伙计们,所以我正在研究此脚本,在该脚本中,我需要更新字典words,其中最常用的单词限制为limit的值。
from typing import List, Dict, TextIO, Tuple
def most_frequent(words: Dict[str, int], limit: int) -> None:
new_dict = {}
new_list = []
#I decided to create a list for easier sort
for w in words:
new_list.append((keys, words.get(w)))
new_list.sort(key=sorting, reverse=True)
#key=sorting: used to sort by the value of the key from big to small
for n_w in new_list:
if len(new_dict) < limit:
new_dict[n_w[0]] = n_w[1]
#this part add the words to a new dictionary up to the value of limit
words = new_dict
print(words)
#print just to check my result, I know it's supposed to return None
这是问题所在,我需要实现以下测试用例:len(words) <= limit,如果添加了最频繁的单词并得到len(words) > limit,则不添加这些单词;并且如果最后一个单词不是唯一的,并且与下一个单词具有相同的值,那么这些单词都不会添加。
>>> most_frequent({'cat': 3, 'dog': 3, 'pig': 3, 'bee': 3, 'rat': 1}, 4)
{'cat': 3, 'dog': 3, 'pig': 3, 'bee': 3}
#This one passes
>>> most_frequent({'cat': 3, 'dog': 3, 'pig': 3, 'bee': 2, 'rat': 2}, 4)
{'cat': 3, 'dog': 3, 'pig': 3}
#what I get {'cat': 3, 'dog': 3, 'pig': 3, 'bee': 2}, 'bee' doesn't get added because is tied with 'rat'
>>> most_frequent({'cat': 3, 'dog': 3, 'pig': 3, 'bee': 3, 'rat': 1}, 3)
{}
#what I get {'cat': 3, 'dog': 3, 'pig': 3}, none of them are added because there are 4 with high frequency but if they get added words > limit and it can't be
我觉得我现在使用的方法无法满足我的需求,并且我陷入了最后两种情况。

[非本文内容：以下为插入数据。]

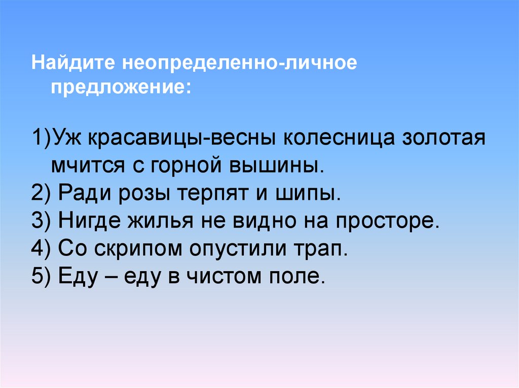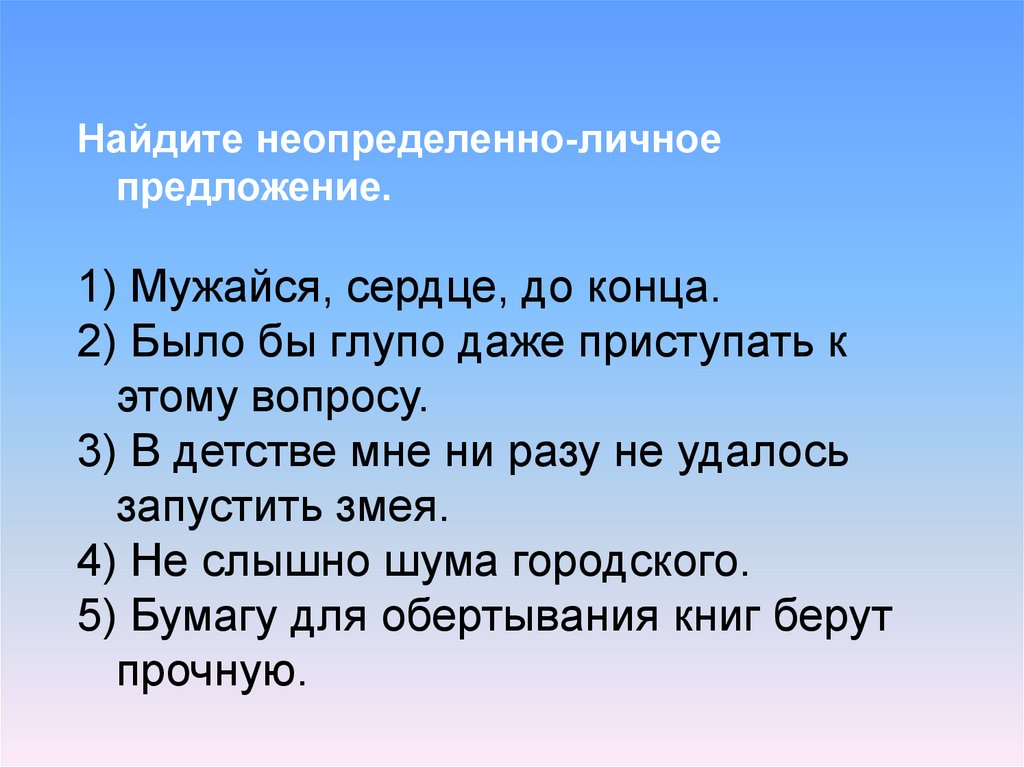 Найдите неопределенно-личноепредложение:

我不允许使用模块,应该使用哪种方法?或者至少我可以在这里进行哪些改进以获得我所需要的?
答案 0 :(得分:1)
我会做这样的事情:
def most_frequent(words, limit):
frequencies = words.items()
inverse = {}
for word, frequency in frequencies:
inverse.setdefault(frequency, []).append(word)
result = {}
remaining = limit
for frequency in sorted(inverse.keys(), reverse=True):
if len(inverse[frequency]) <= remaining:
result.update({word: frequency for word in inverse[frequency]})
remaining -= len(inverse[frequency])
else:
break
return result
print(most_frequent({'cat': 3, 'dog': 3, 'pig': 3, 'bee': 3, 'rat': 1}, 4))
print(most_frequent({'cat': 3, 'dog': 3, 'pig': 3, 'bee': 2, 'rat': 2}, 4))
print(most_frequent({'cat': 3, 'dog': 3, 'pig': 3, 'bee': 3, 'rat': 1}, 3))
输出
{'bee': 3, 'dog': 3, 'pig': 3, 'cat': 3}
{'dog': 3, 'pig': 3, 'cat': 3}
{}
这个想法是创建一个反向字典(inverse),其中键是频率,值是具有该频率的单词列表,然后您可以以非升序对频率进行迭代,并添加一个仅在剩余预算允许的情况下,才能列出最终结果的字词列表。